Your server and client should ensure that data is written in the correct order, even if the network layer reordered packets. Your receiver should buffer as many packets as the client may send concurrently. In other words, the sender window size (SWS) should equal the receiver window size (RWS), and both should be the same as the window field in the config_common structure.
The sender should resend a packet if the receiver does not acknowledge it within an appropriate time period. You need not implement any backoff like TCP, and can instead merely send packet(s) whenever a sent packet has gone unacknowledged for the timeout period. The timeout period in milliseconds is supplied to you by the timeout field of the config_common structure. The default is 2000 msec, but you may change this with the -t command-line option.
Again, acknowledgements should be cumulative rather than selective. Remember that like TCP, you acknowledge the next sequence number you are expecting to receive, which is 1 more than the largest in-order sequence number you have received. You don't have to handle sequence number overflowing and wrapping in the lifetime of a connection.
You can retry packets infinitely many times, and should make sure you retry at least FIVE times, after which, if you want, the transport endpoint can terminate the connection with an error. You should not leak memory on terminated connections, so take care to clean up allocated structures for any such connections.
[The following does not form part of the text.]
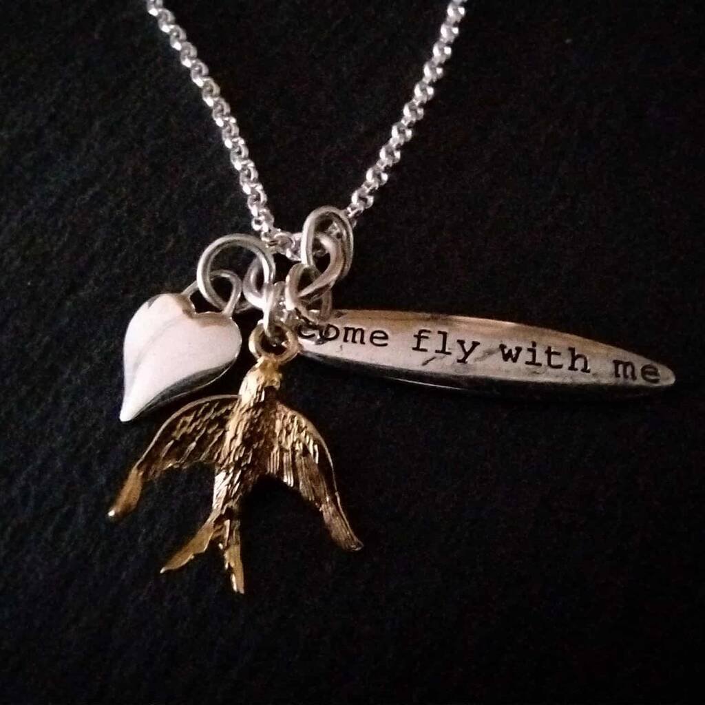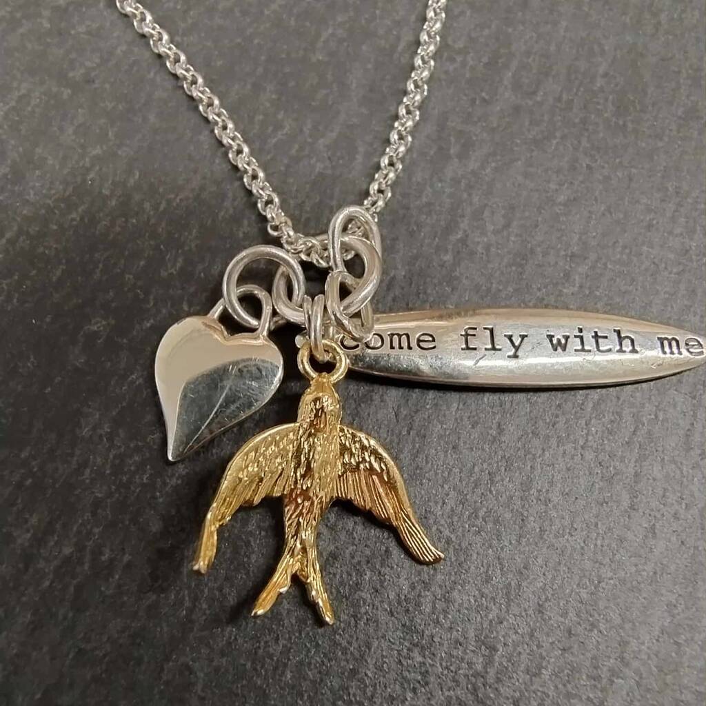 The first charm, a sleek sterling silver heart, embodies love and affection. Its smooth, mirror-polished surface reflects light elegantly, symbolising purity and devotion. Nestled alongside it is a slender silver tag pendant, gracefully engraved with the heartfelt phrase ‘come fly with me’. This poetic inscription evokes a sense of shared journey and invitation; a promise of companionship and adventure, whether in life, love or spirit. Completing the trio is a beautifully detailed golden bird charm, poised as though in mid-flight. The swallow bird, rendered in warm gold tones, symbolises freedom, aspiration and the courage to explore new horizons. Together, these elements create a delicate and meaningful design that celebrates both love and liberation.
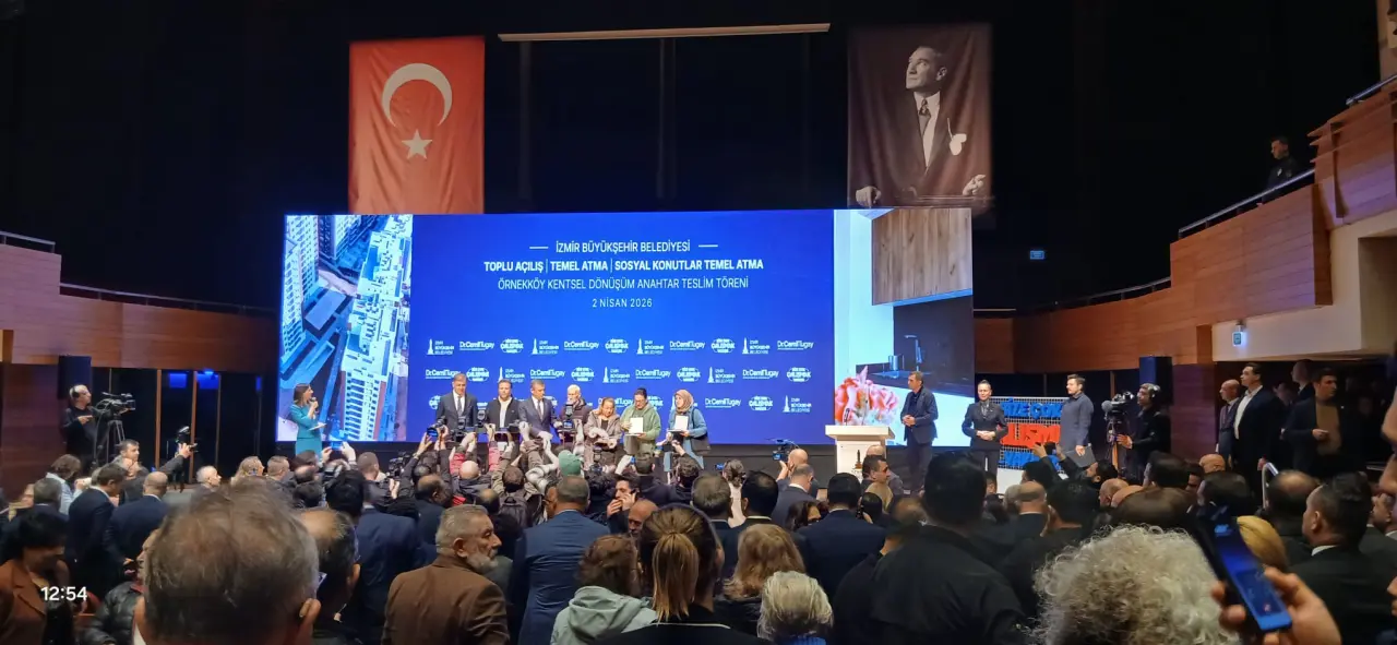 İzmir Büyükşehir Belediyesi’nin kent genelinde hayata geçirdiği projeler için düzenlenen toplu açılış, temel atma ve anahtar teslim töreni, CHP Genel Başkanı Özgür Özel’in katılımıyla gerçekleştirildi. Ahmed Adnan Saygun Sanat Merkezi’nde düzenlenen törende, ulaşım, altyapı, çevre ve sosyal yaşam alanlarını kapsayan çok sayıda proje hayata geçirilirken yeni yatırımların da temeli atıldı.

You can call rel_destroy to destroy the state associated with a connection when you give up on retransmitting.
Note 1: Hopefully, it should be clear that the above specification is not really GoBackN nor SelectiveRepeat from your textbook. It is something of a hybrid between some of the transport choices made by TCP and the SR protocols.
Note 2: For debugging printfs you should use the Standard Error fprintf (stderr, ...) and not print on standard output. This is because standard output is being used for the actual program output and it will be confusing for the grader as well as the tester.

Implementation Details

There are two modes of operation of the reliable transport protocol:

The first mode is single-connection mode, and connects, through your reliable transport protocol implementation, the standard input and output of the two endpoint processes together. The second is multi-connection mode, in which one endpoint process accepts TCP (or unix-domain) socket connections and relays them over your reliable transport protocol to a server that, for each demux endpoint, connects to a TCP port or unix-domain socket.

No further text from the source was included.